To do: Leave out the pictures. Return every record otherwise untouched.

Dataset records:
* * *

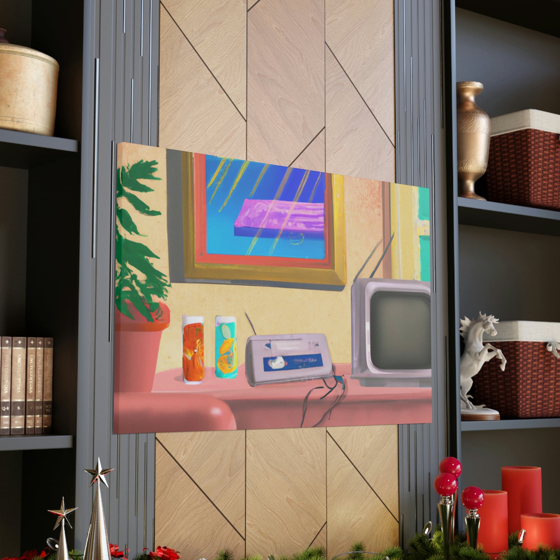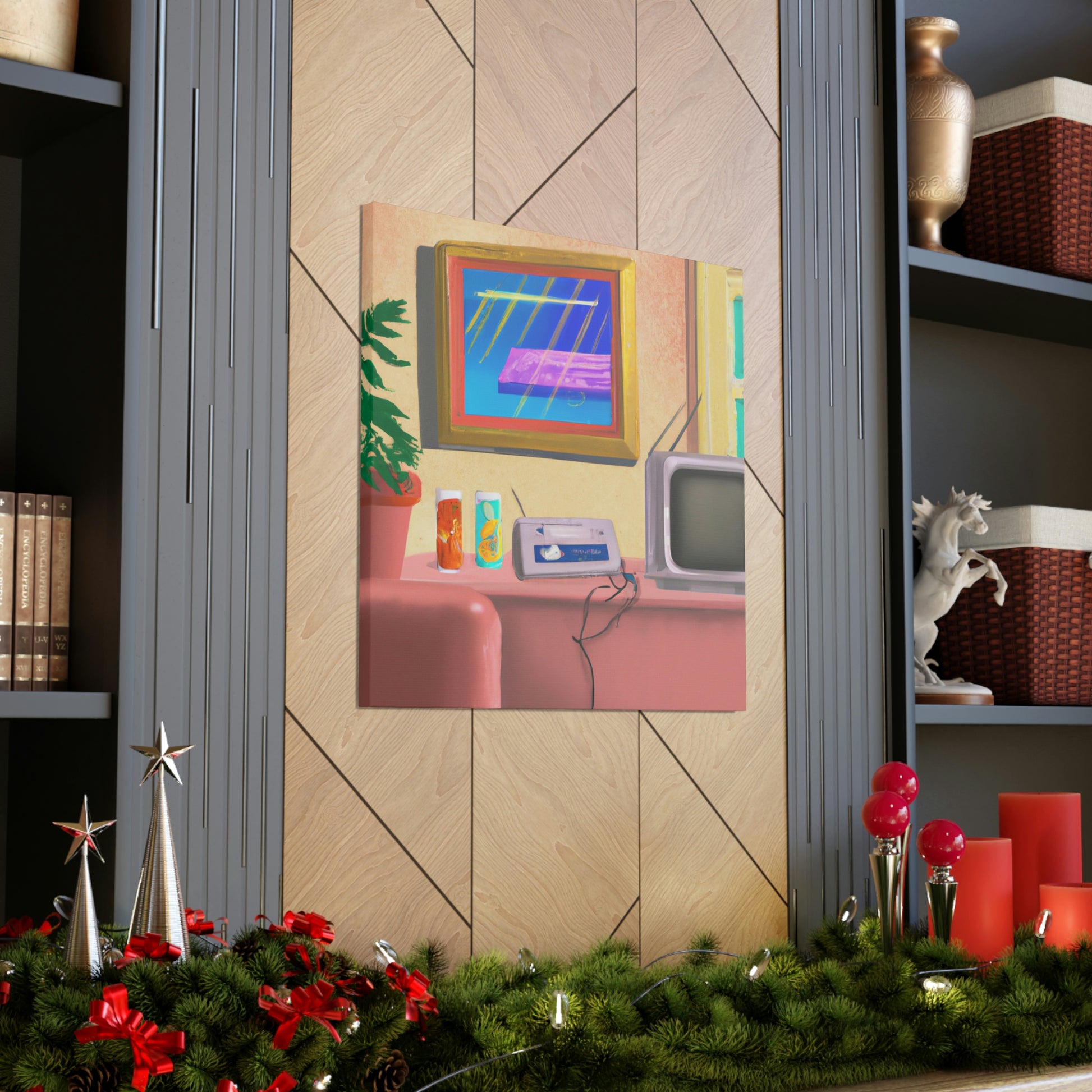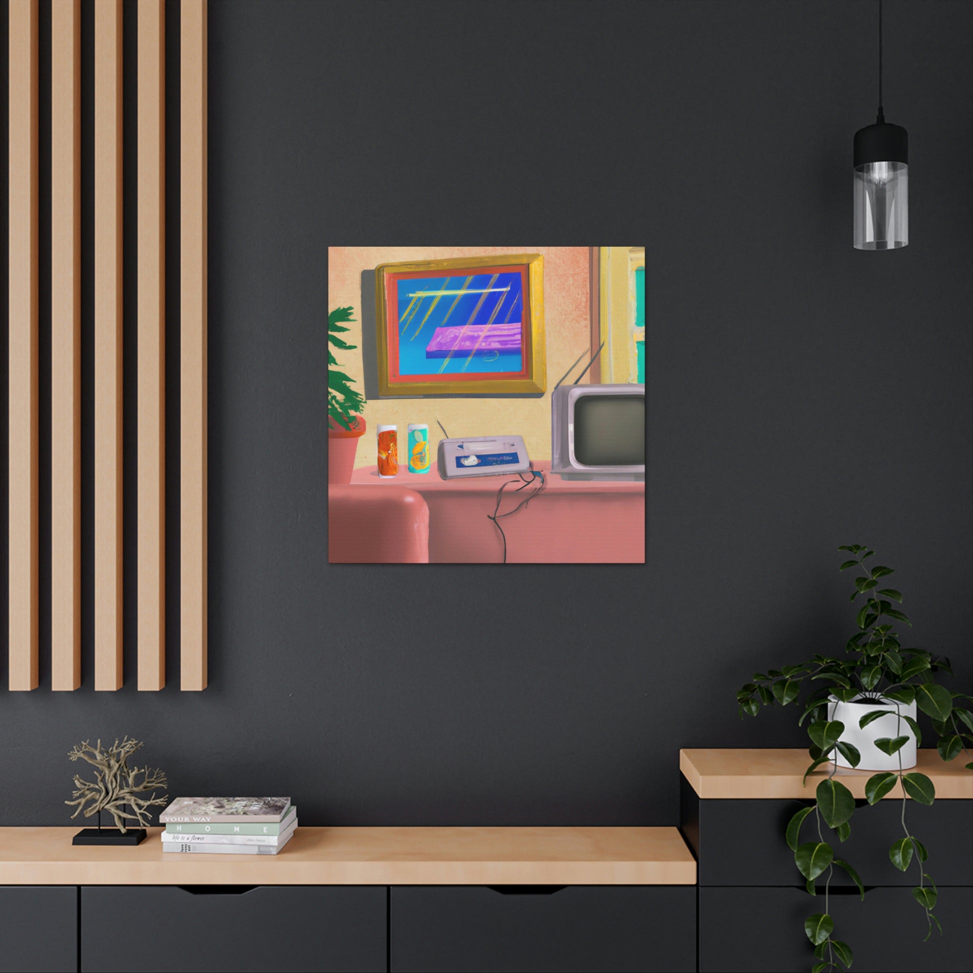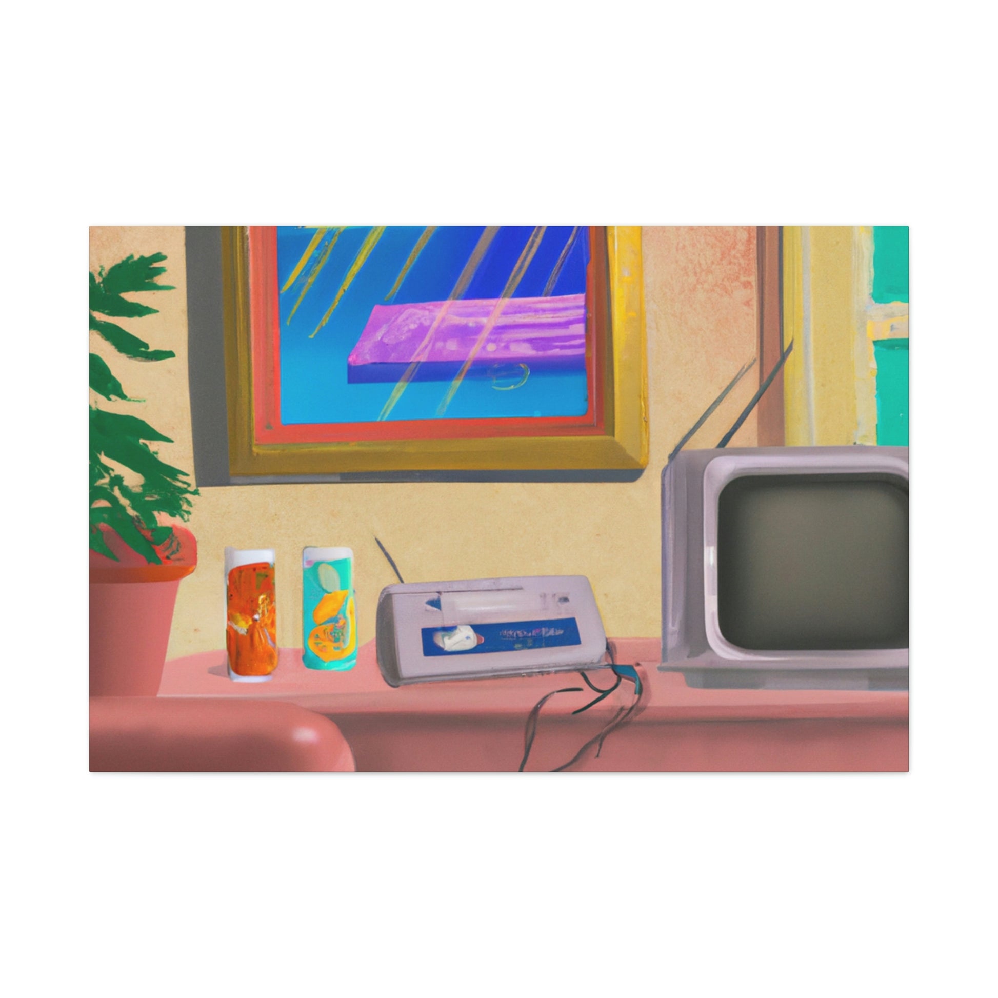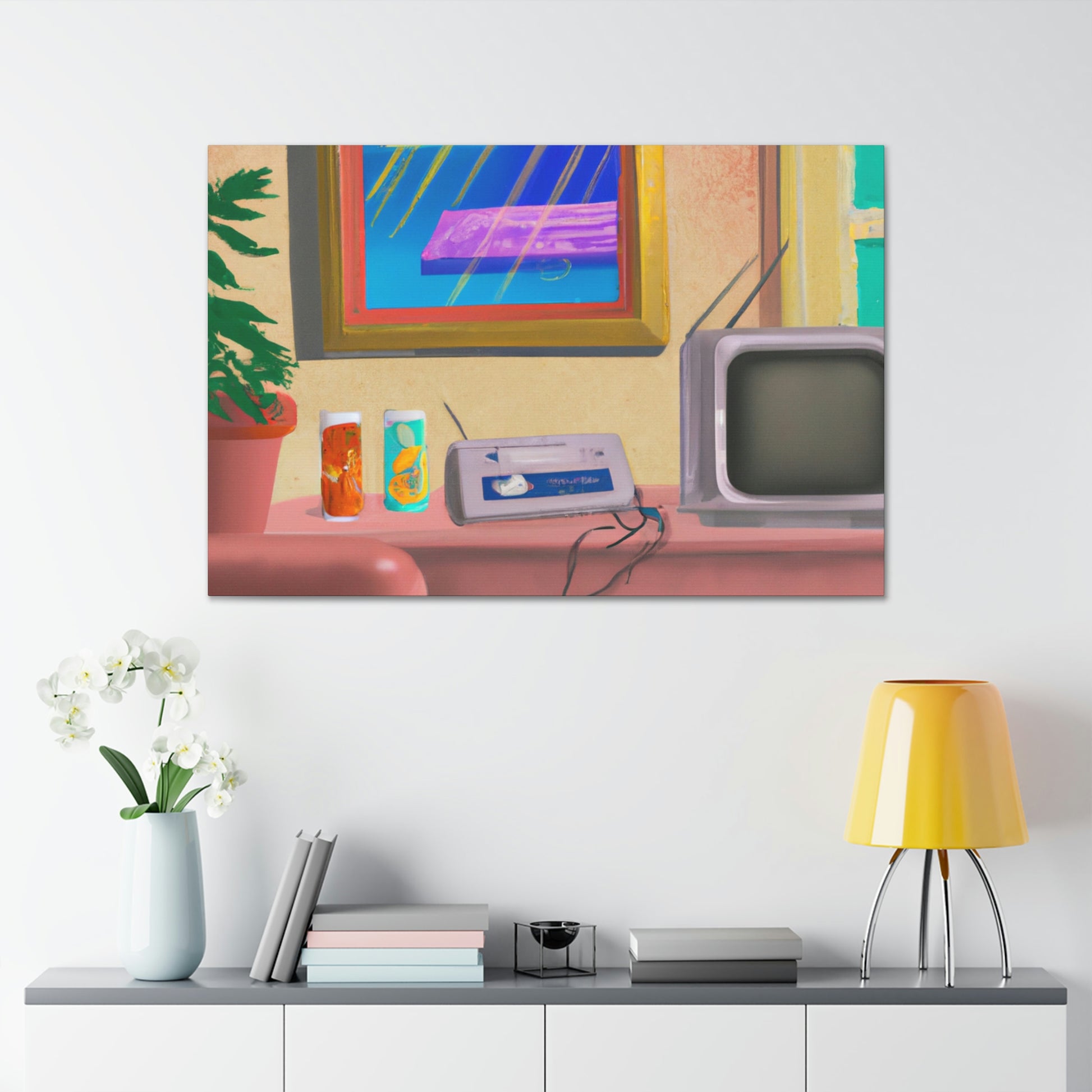 This An 80's pastel digital art piece is perfect decor for any living room. This canvas showcases the vivid pastel colors of the era, rendering a unique yet calming ambiance. The bright tones and charming shapes make it a great conversation starter and a must-have piece. #Pastel #80s #DigitalArt #LivingRoom #Canvas #Bright #Colorful #Unique #Vivd #Ambiance #Charming
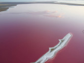 Widok z lotu ptaka na różowe jeziora solne, piaszczyste i słone brzegi wzdłuż przylądka.
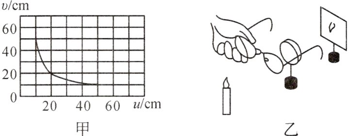 (2)通过实验他得到了凸透镜的像距v和物距u的关系(如图甲所示),由图可知凸透镜的焦距是________cm;当物距为30cm时的成像特点可应用于________(选填“照相机”“投影仪”或“放大镜”)。
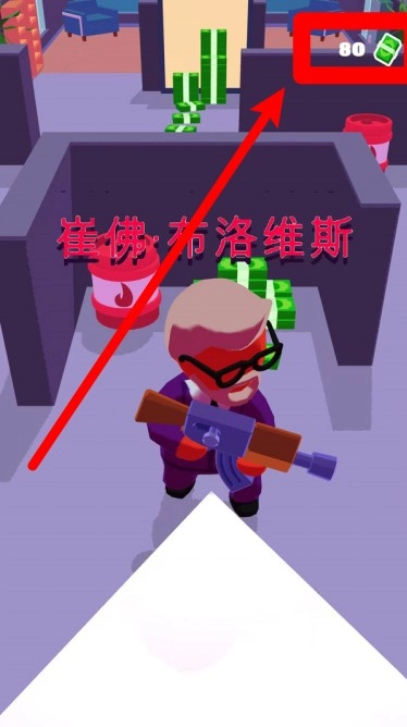 2.右上绿色钞票图标显示当前赏金,击倒守卫或拾取现金可累积资金用于升级装备。
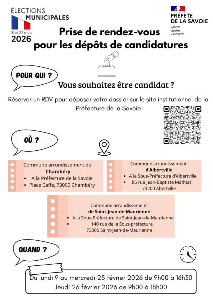 Les candidats aux élections municipales 2026 doivent prendre un rendez-vous auprès de la sous-Préfecture d'Albertville afin de pouvoir déposer leur dossier.
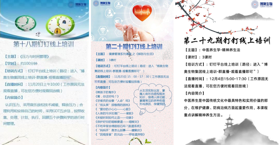 与此同时,博奥专注员工情志调理,关心员工心理健康,开展各类培训、解压和知识分享体验活动,让大家在工作之余进行放松的同时学习健康管理方面的知识,缓解员工工作压力,丰富员工生活。

* * *

Response for this exercise:
 This An 80's pastel digital art piece is perfect decor for any living room. This canvas showcases the vivid pastel colors of the era, rendering a unique yet calming ambiance. The bright tones and charming shapes make it a great conversation starter and a must-have piece. #Pastel #80s #DigitalArt #LivingRoom #Canvas #Bright #Colorful #Unique #Vivd #Ambiance #Charming
 Widok z lotu ptaka na różowe jeziora solne, piaszczyste i słone brzegi wzdłuż przylądka.
 (2)通过实验他得到了凸透镜的像距v和物距u的关系(如图甲所示),由图可知凸透镜的焦距是________cm;当物距为30cm时的成像特点可应用于________(选填“照相机”“投影仪”或“放大镜”)。
 2.右上绿色钞票图标显示当前赏金,击倒守卫或拾取现金可累积资金用于升级装备。
 Les candidats aux élections municipales 2026 doivent prendre un rendez-vous auprès de la sous-Préfecture d'Albertville afin de pouvoir déposer leur dossier.
 与此同时,博奥专注员工情志调理,关心员工心理健康,开展各类培训、解压和知识分享体验活动,让大家在工作之余进行放松的同时学习健康管理方面的知识,缓解员工工作压力,丰富员工生活。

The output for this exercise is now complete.